The stainless steel scrap market has remained in balance during the COVID-19 crisis, but only because low demand has been met with low supply. Recyclers should prepare for a slow recovery and a drop in the value of stainless, analysts say. 

A Not-So-Bright OutlookAfter stainless steel scrap prices floundered in 2019, in January economists were cautiously projecting a better 2020 for the commodity—along with a continuing strong performance for its essential component, nickel. As ReMA economists Joe Pickard and Bret Biggers reported in Scrap’s January/February issue, commodity experts at Macquarie predicted a “recovery in the stainless steel market starting in the second half of 2020,” a bit of good news for stainless steel recyclers after a 2% decline in 304 stainless steel scrap prices in 2019. Of course, that prediction was BC—before coronavirus.

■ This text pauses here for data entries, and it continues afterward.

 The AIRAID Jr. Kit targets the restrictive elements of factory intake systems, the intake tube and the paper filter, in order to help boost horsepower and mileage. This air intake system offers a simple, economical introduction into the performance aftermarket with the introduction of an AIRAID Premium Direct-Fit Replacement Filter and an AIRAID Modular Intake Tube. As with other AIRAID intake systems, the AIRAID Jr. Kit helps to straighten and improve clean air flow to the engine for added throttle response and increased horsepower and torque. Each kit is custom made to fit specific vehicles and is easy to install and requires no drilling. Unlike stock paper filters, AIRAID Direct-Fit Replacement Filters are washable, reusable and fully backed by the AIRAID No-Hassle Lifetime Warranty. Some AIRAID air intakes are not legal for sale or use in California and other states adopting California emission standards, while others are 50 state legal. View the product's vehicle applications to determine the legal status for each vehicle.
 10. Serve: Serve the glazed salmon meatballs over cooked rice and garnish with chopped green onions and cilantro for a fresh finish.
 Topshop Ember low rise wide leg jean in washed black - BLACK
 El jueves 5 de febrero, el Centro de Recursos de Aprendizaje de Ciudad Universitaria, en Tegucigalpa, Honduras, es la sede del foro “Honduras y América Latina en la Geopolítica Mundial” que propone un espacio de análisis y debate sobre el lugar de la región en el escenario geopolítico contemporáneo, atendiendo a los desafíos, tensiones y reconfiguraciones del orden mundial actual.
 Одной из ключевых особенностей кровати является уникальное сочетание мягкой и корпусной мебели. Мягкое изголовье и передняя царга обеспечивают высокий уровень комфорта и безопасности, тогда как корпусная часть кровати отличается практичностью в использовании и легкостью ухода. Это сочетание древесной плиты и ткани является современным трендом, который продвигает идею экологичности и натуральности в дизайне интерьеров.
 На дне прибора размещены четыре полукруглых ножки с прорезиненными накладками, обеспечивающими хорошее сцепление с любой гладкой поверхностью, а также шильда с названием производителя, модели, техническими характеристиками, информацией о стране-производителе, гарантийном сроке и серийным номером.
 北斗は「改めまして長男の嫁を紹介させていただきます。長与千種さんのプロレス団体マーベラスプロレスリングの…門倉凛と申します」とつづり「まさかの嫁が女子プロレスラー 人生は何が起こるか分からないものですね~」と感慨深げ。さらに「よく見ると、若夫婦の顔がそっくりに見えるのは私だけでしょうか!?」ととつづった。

The onset of the pandemic dealt a blow to both production and consumption of stainless steel, like it did for many other metals. Due to manufacturing shutdowns, “auto production went to basically zero for almost two months, at least in America,” Biggers says, noting that other countries similarly reported 80% to 90% drops in automotive production and sales. According to steel and metals market analysts SMR, the automotive sector uses stainless steel for parts that make up exhaust systems, engine valves, fuel-injection components, structural parts, catalytic con-verters, trim, and more. Other stainless scrap-consuming sectors that have taken a hit include construction, food processing, aerospace, oil and gas, and home appliances. Construction projects are on hold, fewer people are eating out, and the airline industry is not investing in new airplane components. 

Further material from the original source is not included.